Islamabad, July 17, 2024 – Fitch Ratings has raised alarm over the fragile economic state of Pakistan, citing significant risks stemming from both internal and external factors.
In its latest report, Fitch Ratings highlighted that the risks to Pakistan’s growth outlook are predominantly on the downside. The economy remains highly susceptible to external shocks. With 40% of the population employed in agriculture, any severe weather event, such as floods or droughts, could severely impact the economy.
The Fitch highlighted that the unstable political landscape adds to the economic uncertainty. The February elections resulted in a coalition government formed by the establishment parties. However, the strong showing by independent candidates, who have the backing of the jailed opposition leader Imran Khan, indicates widespread dissatisfaction with the current political regime. Potential protests in urban centers could further disrupt economic activities.

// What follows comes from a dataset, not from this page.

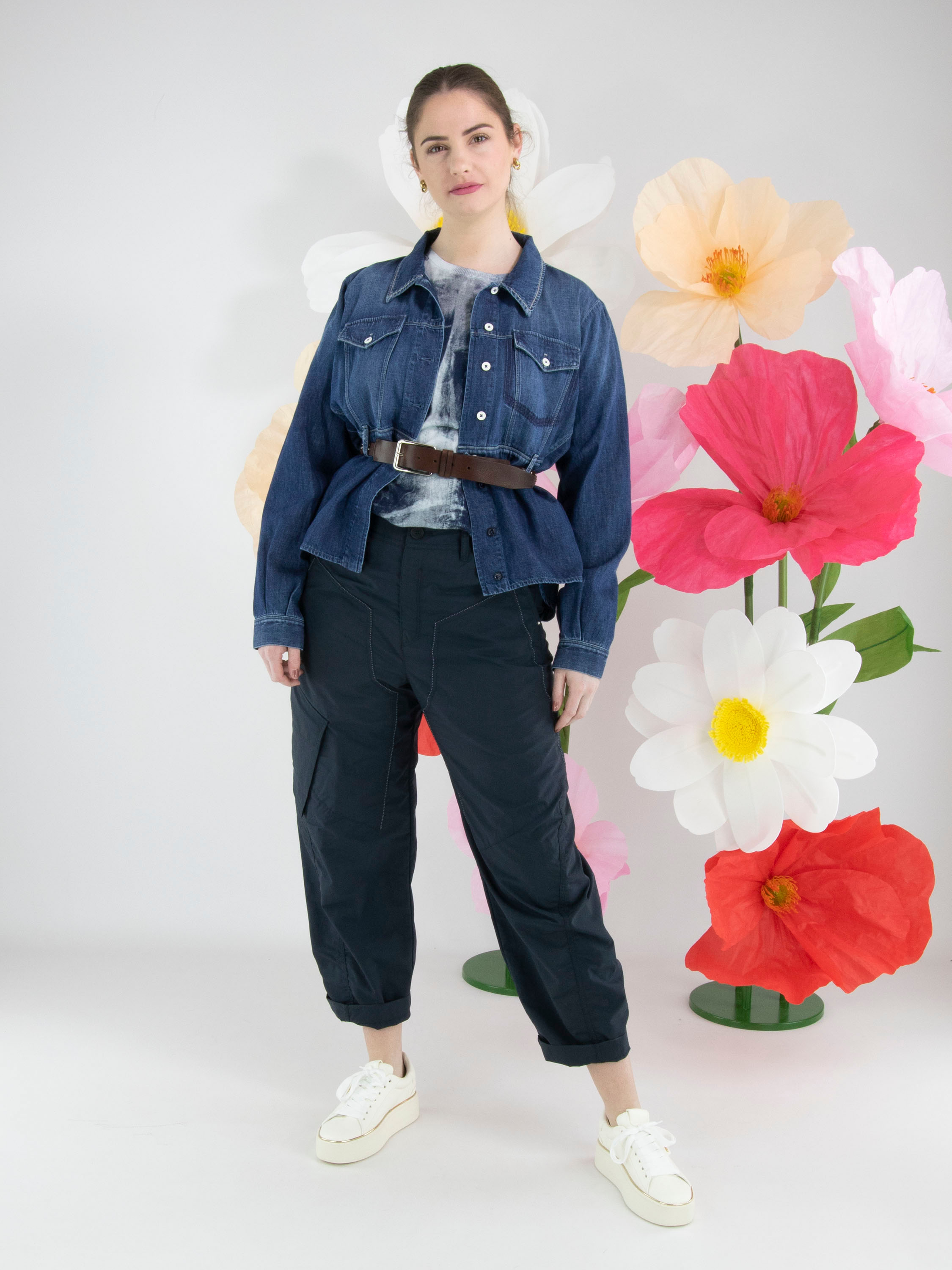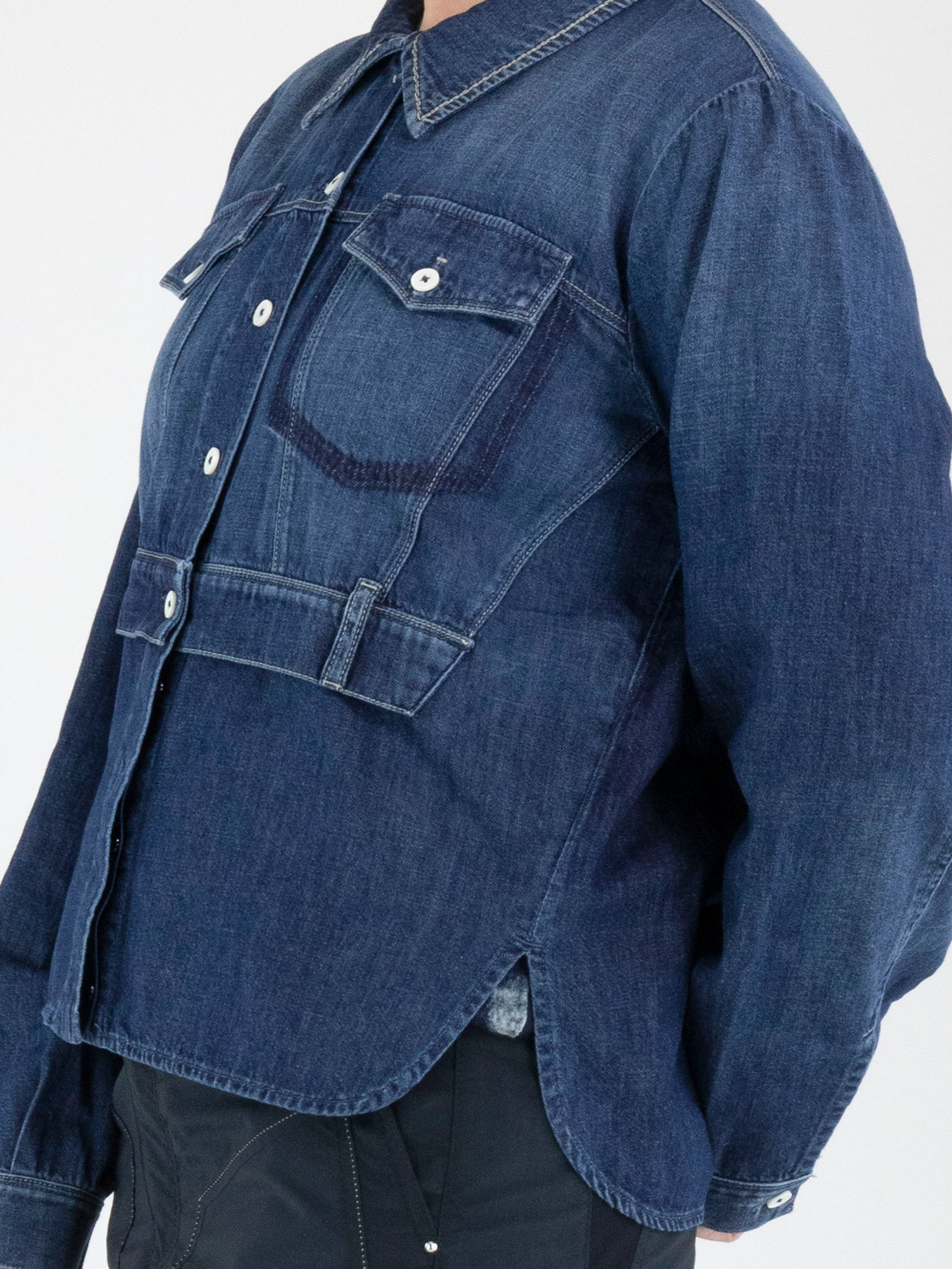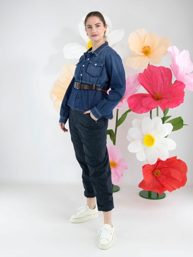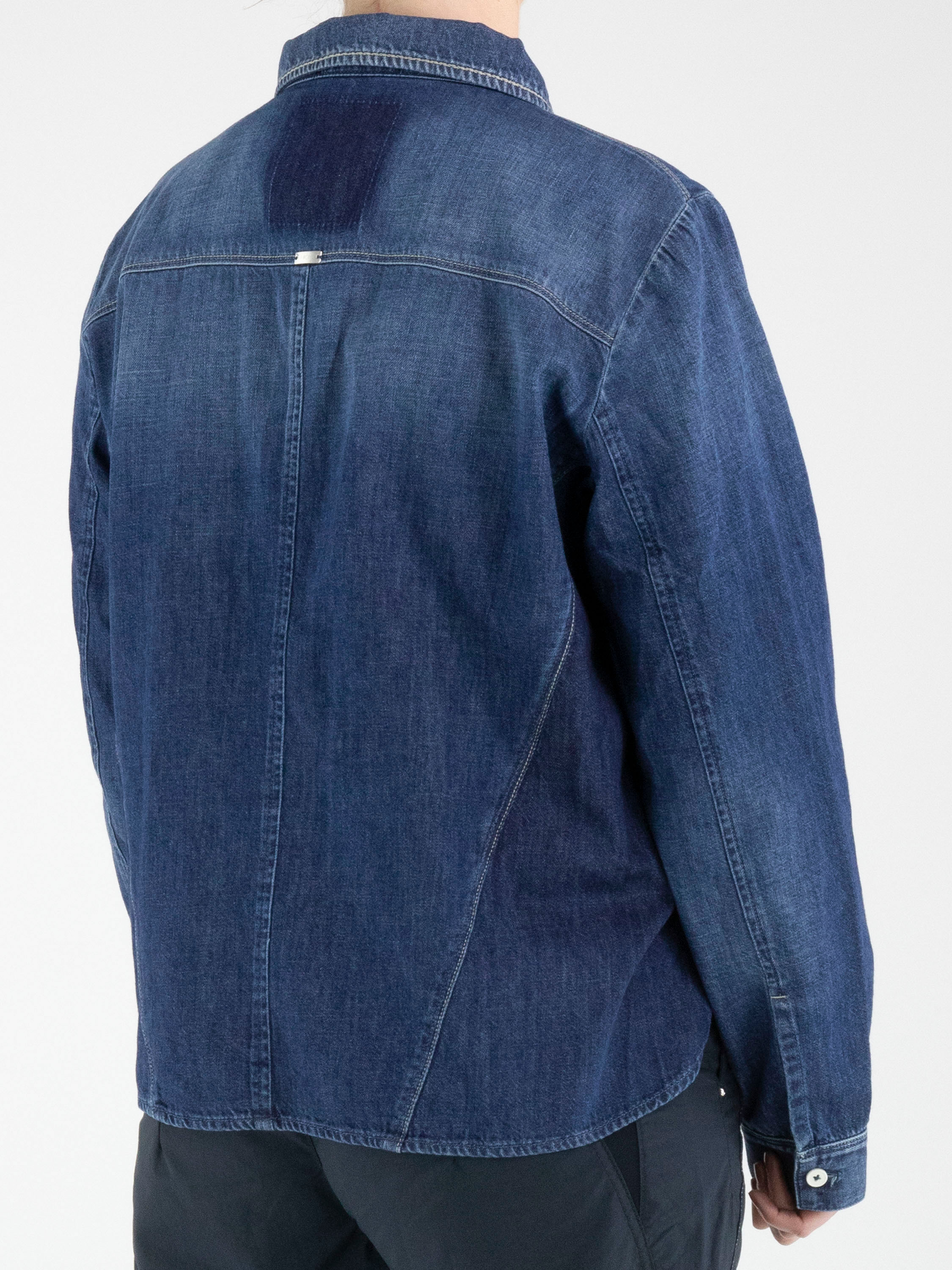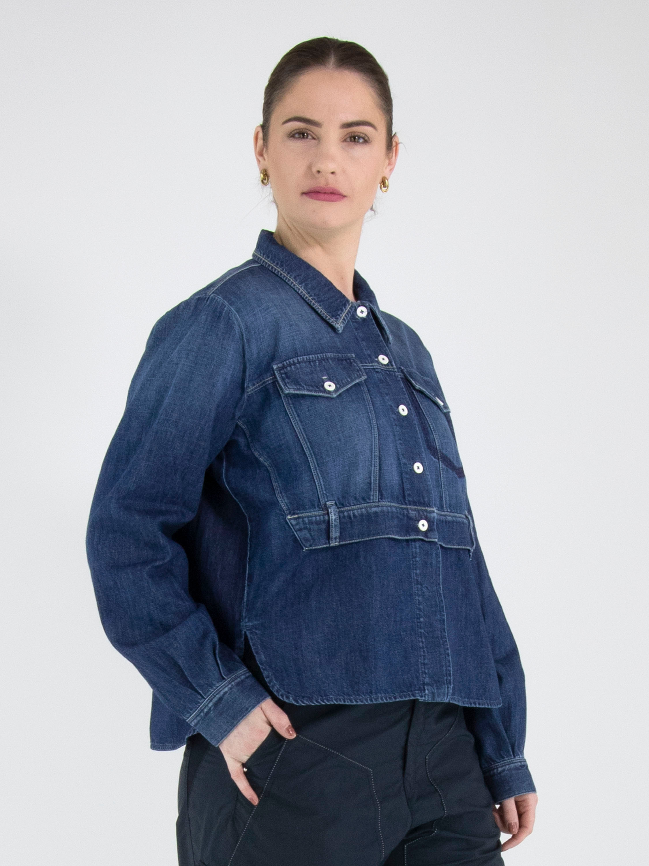 Een jeansblouse van High in een basic jeanskleur. Aan de voorkant zijn twee decoratieve borstzakken en ter hoogte van de taille een overslagstof met ceintuurlussen. Aan de onderkant is aan beide zijkanten een kort splitje. Deze blouse mag op 30 graden worden gewassen.

Economic Performance and Projections
Stronger-than-Expected Economic Activity: The Fitch said contrary to the expectations of many analysts, Pakistan’s economic performance in FY2023/24 (July 2023-June 2024) was stronger. Economic growth is anticipated to rise from 2.4% in FY2023/24 to 3.2% in FY2024/25, driven by monetary easing, improved agricultural output, and slowing inflation. However, the risks remain tilted towards the downside.
Current Account Deficit: The Fitch said Pakistan’s current account deficit is projected to stay modest but will likely increase from 0.8% of GDP in FY2023/24 to 1.0% in FY2024/25. The slight widening of the deficit is attributed to an expanding trade deficit, expected to grow from 7.5% of GDP in FY2023/24 to 7.7% in FY2024/25. A surge in oil prices or lower-than-expected grain production could exacerbate the deficit.
Stabilization of the Rupee: The Fitch said Pakistani policymakers have been relatively successful in stabilizing the rupee. Fitch forecasts a minor depreciation of the rupee, from PKR278/USD to PKR290/USD, over the rest of 2024. However, the risks are skewed towards a larger depreciation.
Inflation and Monetary Policy: The Fitch highlighted Easing inflation is anticipated to allow the State Bank of Pakistan (SBP) to reduce its key policy rate from 22.00% to 16.00% in 2024. The SBP is expected to continue loosening policy to 14.00% by the end of 2025. The primary risk to this outlook is higher-than-expected inflation, which could slow the pace of monetary easing.
Budget Deficit: Despite likely missing their ambitious budget targets, Pakistani policymakers are expected to reduce the budget deficit from 7.4% of GDP in FY2023/24 to 6.7% in FY2024/25. If the government adheres to its current policy path, it may secure a longer-term deal with the IMF. Nonetheless, the economic recovery remains fragile, and another shock could quickly escalate the cost of servicing Pakistan’s substantial government debt.
Political Stability and Reforms
Despite several successful legal challenges, opposition leader Imran Khan is expected to remain imprisoned for the foreseeable future. The PML(N)-led government is predicted to stay in power over the next 18 months, pushing through IMF-mandated fiscal reforms. In the unlikely scenario of a government change, a military-backed technocratic administration is considered more probable than fresh elections.
Fitch’s report underscores the precariousness of Pakistan’s economic recovery, emphasizing the need for prudent policy measures and political stability to navigate the challenging landscape ahead.